Title: Recognition of BRAF by CDC37 and Re-evaluation of the Activation mechanism for the Class 2 BRAF-L597R Mutant Authors: Dennis M. Bjorklund, R. Marc L. Morgan, Jasmeen Oberoi, Katie L. I. M. Day, Panagiota A. Galliou , Chrisostomos Prodromou Comments:   This is a well-performed study that has revealed a set of novel interesting data. The submitted manuscript is well written and nicely illustrated. I think that this manuscript may be acceted in the present form. I would only recommend to discuss a bit more the biological meaning/consequences of the elucidated mechanism involving BRAF mutations.        

Author Response

I would like to thank this reviewer for the time and useful suggestions.

1. I would only recommend to discuss a bit more the biological meaning/consequences of the elucidated mechanism involving BRAF mutations.  

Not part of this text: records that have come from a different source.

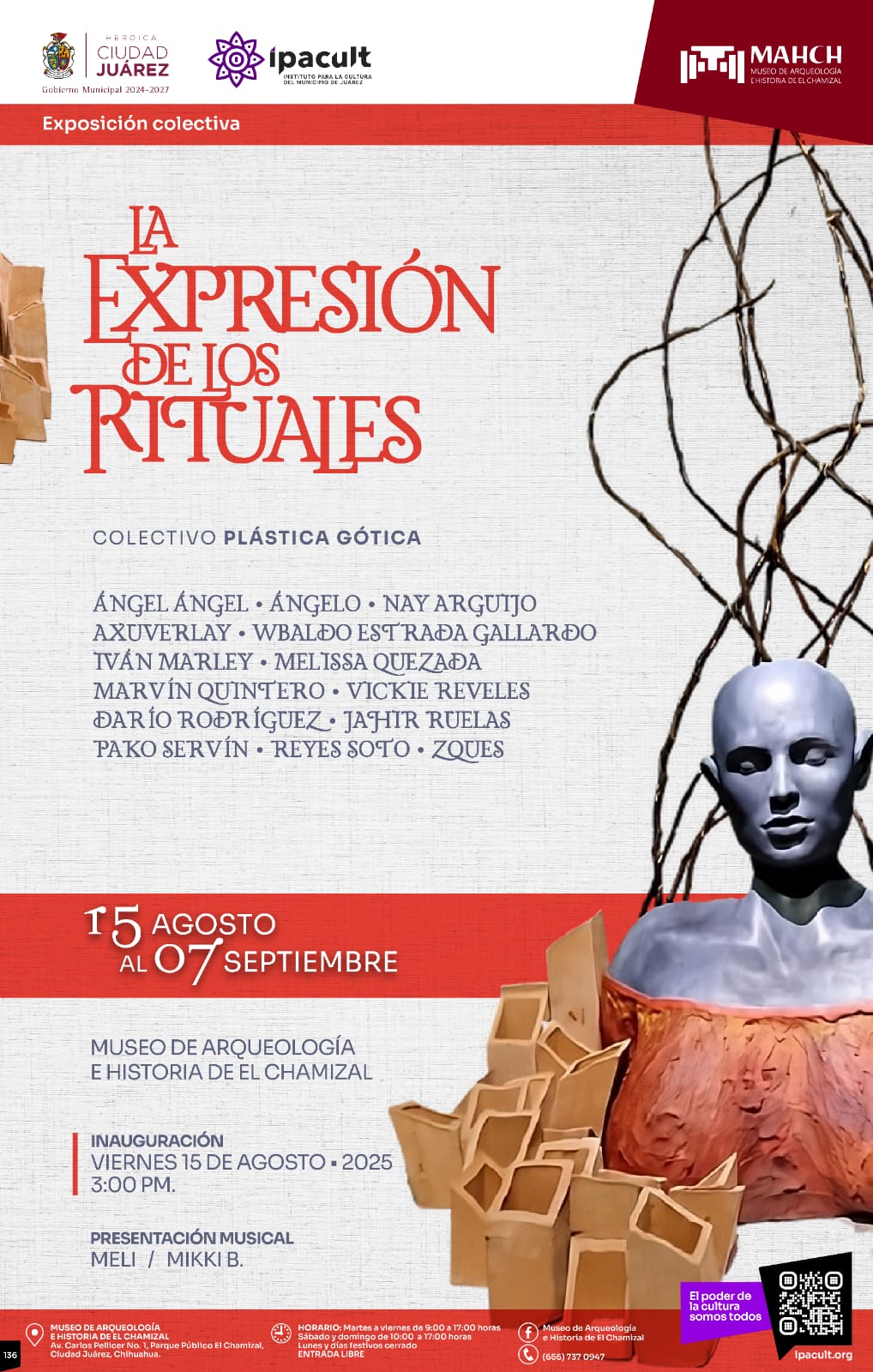 El Instituto para la Cultura del Municipio de Juárez (IPACULT) invita a la ciudadanía a la inauguración de la exposición pictórica “La expresión de los rituales”, que se llevará a cabo este viernes 15 de agosto a las 3:00 de la tarde en el Museo de Arqueología e Historia de El Chamizal (MAHCH).
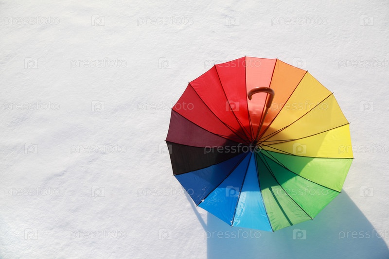 Радужный зонтик опирается на заснеженную землю
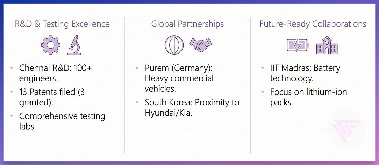 Technical collaborations extend beyond exhaust systems. The partnership with IIT Madras provides battery technology expertise for the Kinetic Green joint venture focused on lithium-ion battery packs.
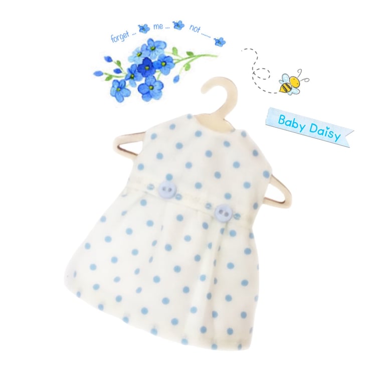 A cute little cream dress to fit Baby Daisy. The dress is in a blue spot print, has a lined bodice and fastens dawn the back with little poppers. It is decorated with two tiny blue buttons at the waist and comes with a tiny wooden hanger.
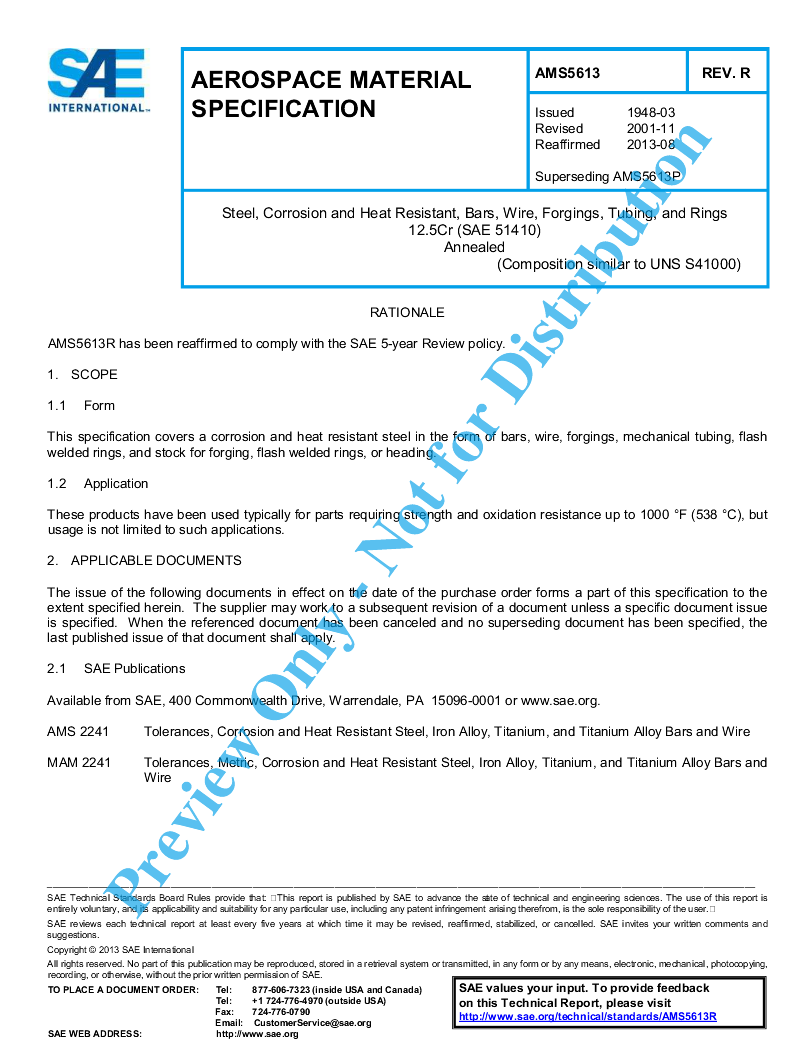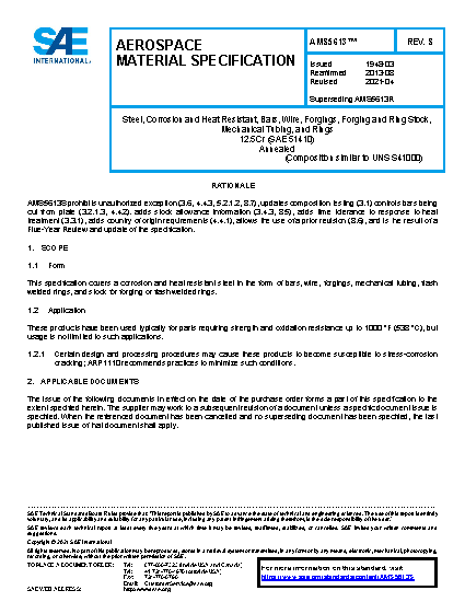 This specification covers a corrosion and heat resistant steel in the form of bars, wire, forgings, mechanical tubing, flash welded rings, and stock for forging, flash welded rings, or heading.
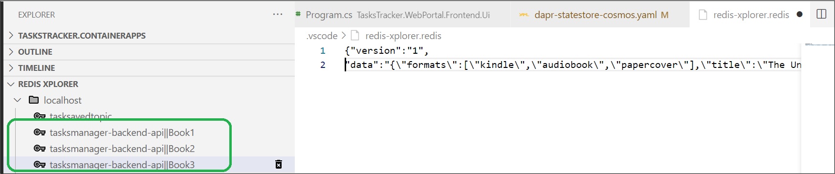 When you look at the key stored per entry and for example tasksmanager-backend-api||aa3eb856-8309-4e68-93af-119be0d400e8, you will notice that the key is prefixed with the Dapr application App Id responsible
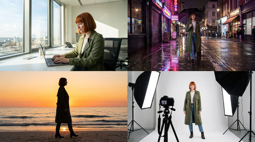 - スタジオ品質のライティング制御: プロンプトで「昼からマジックアワーに変更」「被写体の後ろからリムライトを当てる」といった指示を与え、物理ベースレンダリング(PBR)に匹敵するリアリズムで照明と色温度を制御できます。
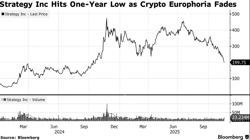 数字资产领域购买停滞的最鲜明例证之一,当属迈克尔·塞勒 (Michael Saylor) 的公司 Strategy Inc.。这家从软件企业转型为比特币储藏的机构,曾是企业财资配置加密资产的典范,如今其股价正徘徊于所持比特币价值的平价水平——这表明投资者不再愿意为塞勒的高杠杆信念模型支付溢价。
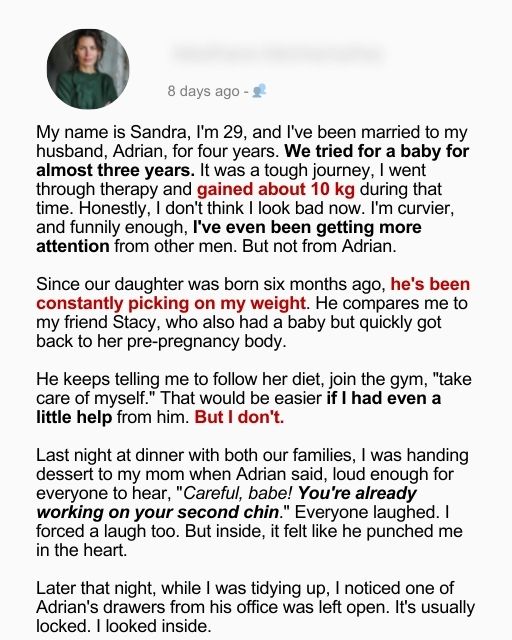 My name is Sandra. I’m 29, four years into a marriage I once believed would be my safest place. We tried for a baby for almost three of those years, through hormone swings, quiet prayers, and therapy appointments that left me wrung out but determined. I gained about ten kilos along the way. My body changed, yes—but I still recognized myself in the mirror. Some days I even liked the new softness. Strangers noticed me more than they used to. Everyone, it seemed, except my husband.
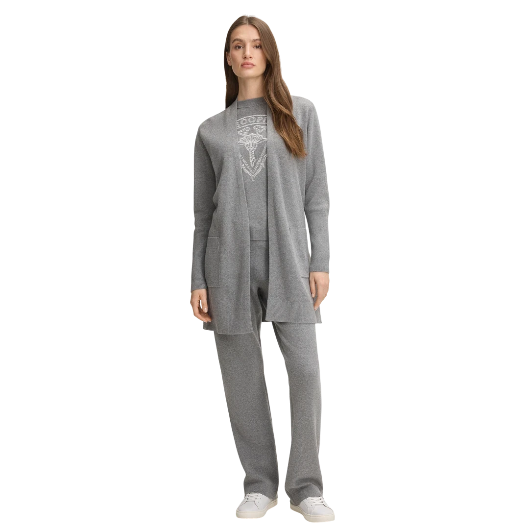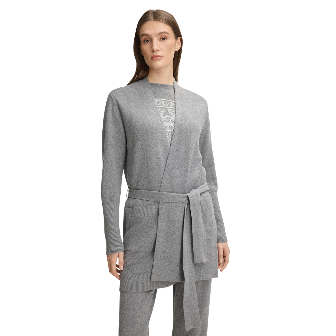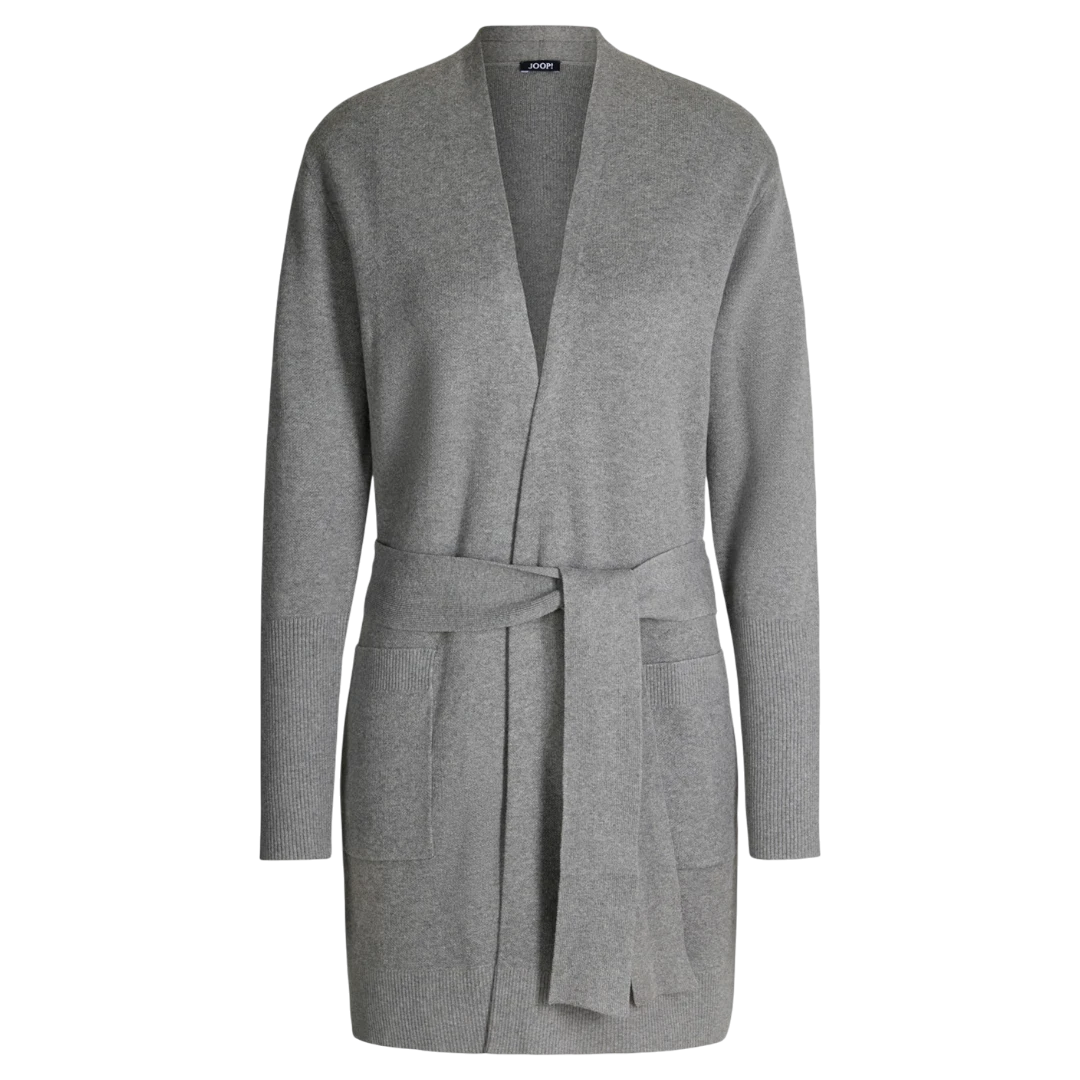 Elegantna JOOP! kardigan jakna u mekoj sivoj nijansi donosi savršenu ravnotežu udobnosti i sofisticiranog izgleda. Model bez kopčanja, s uklonjivim pojasom, omogućava prilagođeno oblikovanje struka, dok moderno ravni kroj pruža ležernu eleganciju. Izrađena od prijatnog, toplog pletiva, idealna je za svakodnevne kombinacije — od poslovnih outfita do opuštenih weekend lookova. Praktični prednji džepovi i čist dizajn čine je bezvremenskim komadom koji lako pristaje uz sve.
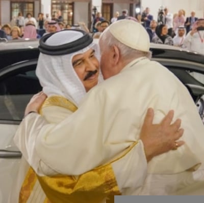وفي نوفمبر من عام 2022، وبدعوة كريمة من حضرة صاحب الجلالة الملك حمد بن عيسى آل خليفة ملك البلاد المعظم حفظه الله ورعاه، قام قداسة البابا فرانسيس بابا الفاتيكان الراحل بزيارة تاريخية إلى مملكة البحرين، التقى خلالها بجلالة الملك المعظم أيده الله وشارك في “منتدى البحرين للحوار: الشرق والغرب من أجل تعايش إنساني” إلى جانب فضيلة الإمام الأكبر الأستاذ الدكتور أحمد الطيب شيخ الأزهر الشريف رئيس مجلس حكماء المسلمين، وعدد من القادة الدينيين من مختلف دول العالم، في خطوة عززت مكانة البحرين كمركز عالمي للحوار والتقارب والتسامح.
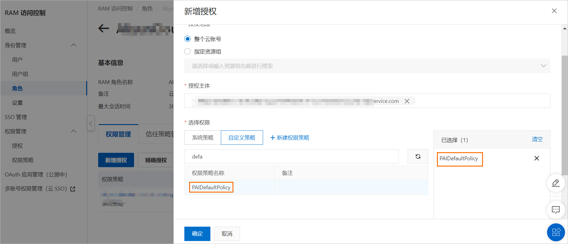 信任策略内容修改为如下脚本内容。 - 配置权限策略。您可以根据角色用户登录后需要使用的子产品需求,为角色用户添加权限策略。未设置权限策略可能会影响您在工作空间中的部分功能(例如:AI资产管理-数据集等)。建议您为角色用户添加相关的权限策略,具体操作步骤如下。
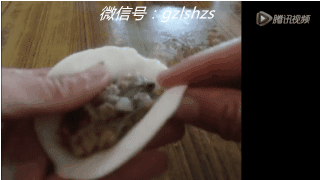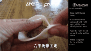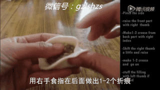 用右手大拇指支撑前面,右手食指在后面做出1-2个折痕,以此类推,再用左手将馅塞进去。
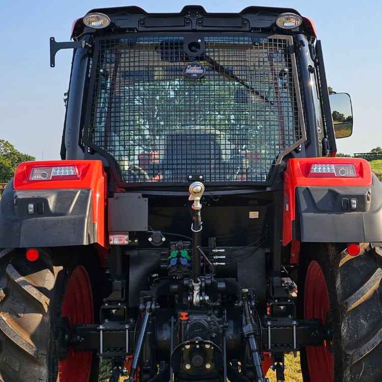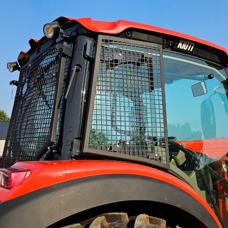 Some cab cages come with rear lower window screens. These screens can be mounted by lining the screen up with the window and drilling 4 holes using self-tapping screws. This is the only part of the cage that requires modification to the tractor.
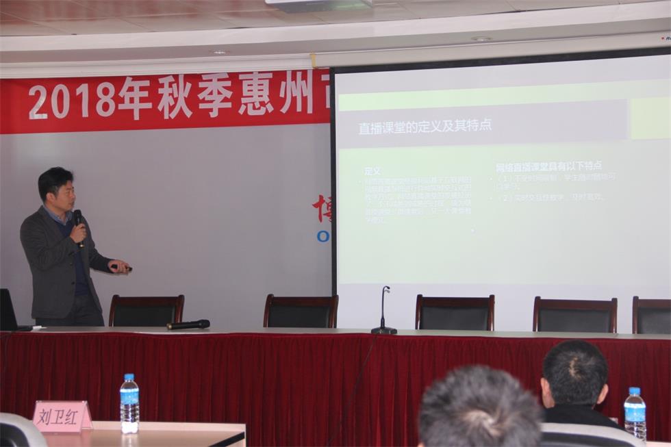 会议期间,惠东开放大学詹斌作了题为《直播课堂在开放教育教学中的运用》专题讲座、惠州电大黄小爽作了《开放教育网上教学支持服务一体化平台建设》专题讲座、博罗开大杨玲作了《开放教育坏境下学前教育专业教学存在的问题和对策》专题讲座、惠阳开大张晓彬作了《远程教育学生管理方法研究》专题讲座。惠州电大李晓副科长作了2018年度电大系统教学及科研成果总结。
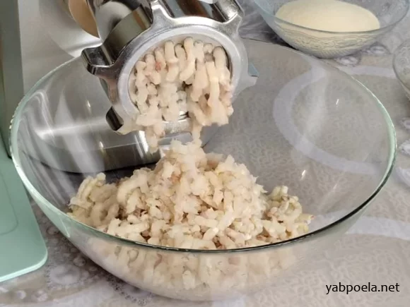 Пропустите через мясорубку филе минтая, половину сырой луковицы и сало (солёное или свежее — любое подойдёт).
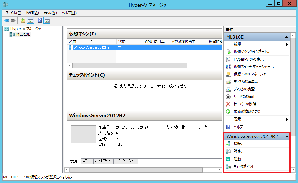 画面右の操作ペインでは仮想マシンに対する操作コマンドは下に表示されています。
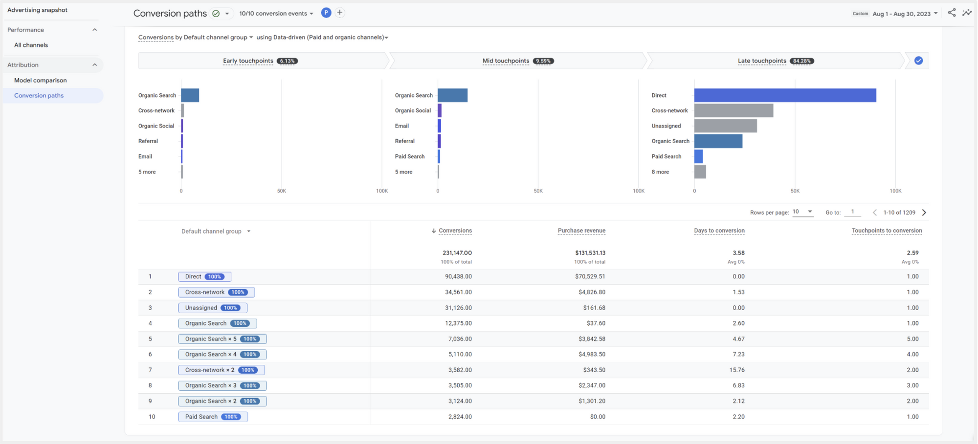 นอกจากนั้นยังมี Conversion Paths เป็น Report ที่ช่วยแสดงผลแต่ละ Touch Point (จุดที่ Users ได้เจอสินค้าหรือบริการของเรา) ว่าจุดไหนมีอิทธิพลให้เกิด Conversions มากที่สุด ตามภาพด้านล่าง
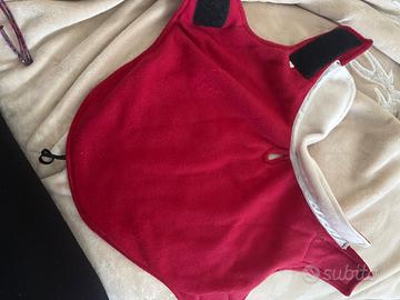 Impermeabile per cani di piccola taglia interno in pile rosso ed esterno impermeabile rosso con colletto in pile bianco, è dotato di 2 strap per adattarlo bene al cane
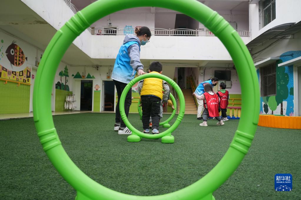 3月31日,在重慶市北碚區奔月鐵路幼兒園康教中心,特教老師幫助孤獨癥兒童進(jìn)行感統訓練。
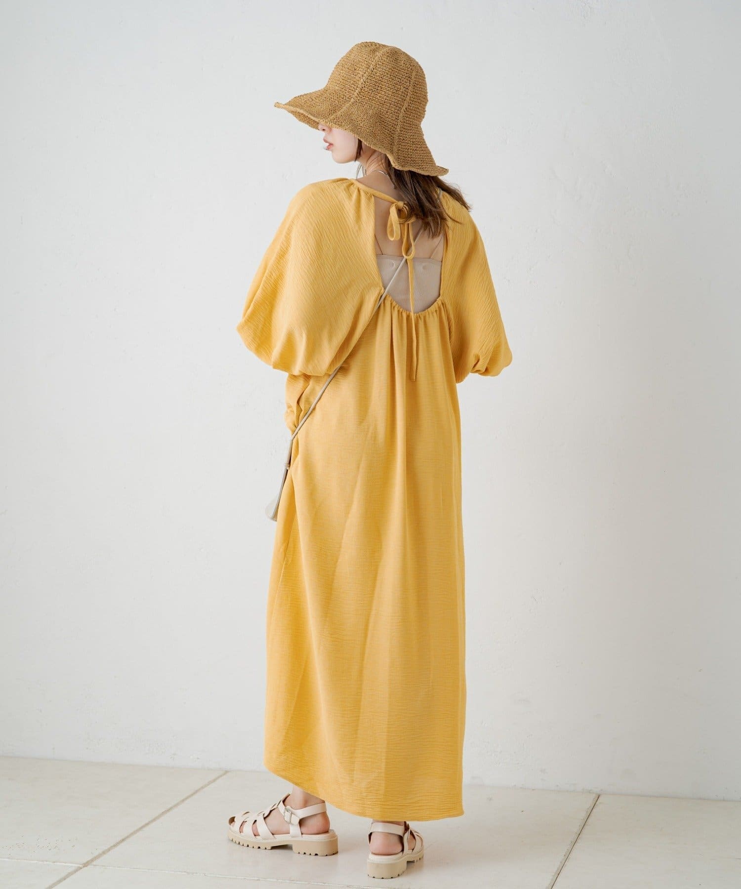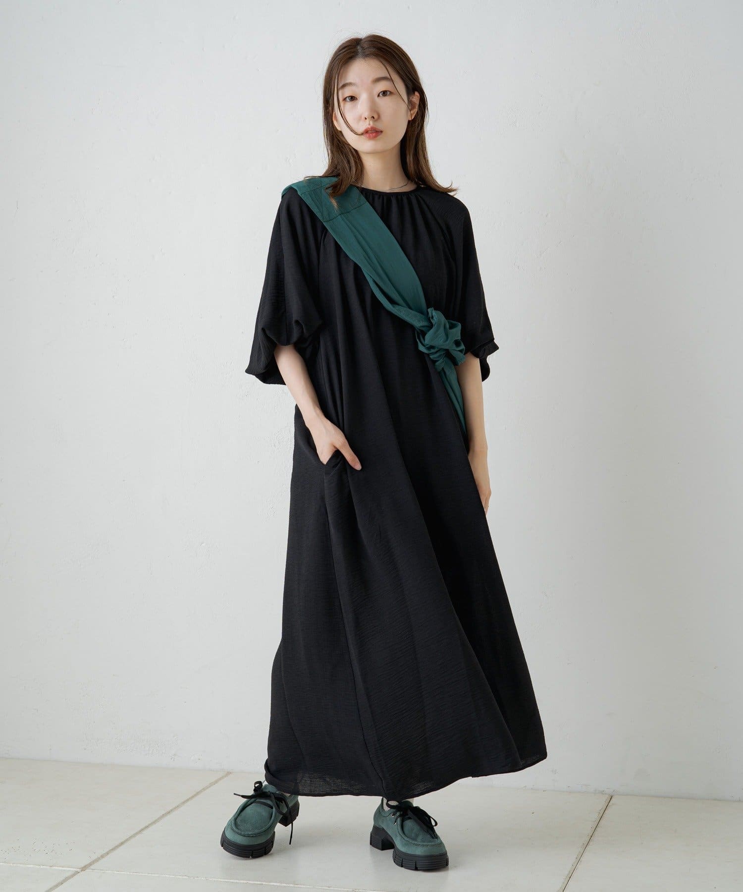 一枚で主役のワンピースなので、HATや、BAGなどをシンプルなものにして自然体に着て頂きたい一品。

We have added an extended discussion on the clinical implications of the L597R and V600E mutations. Thank you for your suggestion as we feel this has improved the manuscript as a whole and given it more relevant meaning.

Thus:

The potentially different signelling complexes of BRAF V600E and BRAF L597R could have clinical implications of how to treat tumours driven by each of these driver mutations. Particularly relevant is the fact that CDC37 protects its clients form inhibitor binding, acting as a competitive inhibitor and altering the structure of the kinase, thus blocking kinase inhibitor binding. However, the Hsp90-CDC37 complex-free V600E is susceptible to inhibitors such as vemurafenib, but it is likely that elevated levels of Hsp90-Cdc37-BRAF V600E, which are largely insensitive to kinase inhibitor, maintain a reservoir of mutant V600E that re-establishes signalling in the normal course of Hsp90 activity. Thus, the combined use of appropriate inhibitors that target the Hsp90-Cdc37-kinase complex together with BRAF inhibitor maybe advantageous when targeting V600E driven tumours. In the case of L597R, Cdc37 appears to act as a competitive inhibitor against non-dimerised L597R mutant and vermurafenib can effectively inhibit L597R signalling as expected (Dahlman et al., 2012).  Furthermore, Hsp90 inhibition is effective against murine lung adenocarcinomas driven by the L858R, the equivalent L597R mutation of EGFR (Shimamura et al, 2008). However, recent findings have also identified a sub-group of melanomas, which are driven by BRAF mutants with low-activity and consequently rely on CRAF signalling (Smalley et al, 2009). Such mutant cell lines were particularly sensitive to the CRAF specific inhibitor sorafenib. This is an important consideration in targeting BRAF melanoma, and perhaps tumours driven by L597R, as it has been observed that elevated CRAF levels represent a mechanism for acquired resistance to BRAF inhibition (Montagut et al, 2008). Furthermore, targeting CRAF in a variety of melanoma cell lines was shown to decrease their viability, which appears to be mediated by Bcl-2 inhibition rather than MAPK inhibition (Jilaveanu et al, 2009). This may therefore provide a clear rationale for not only targeting non-V600E BRAF driven tumours with BRAF inhibitors, but also targeting the CRAF-dependency of such cell lines. We therefore propose that targeting CRAF in L597R driven tumours combined with BRAF and perhaps also Hsp90 inhibition, may have a potential therapeutic benefit.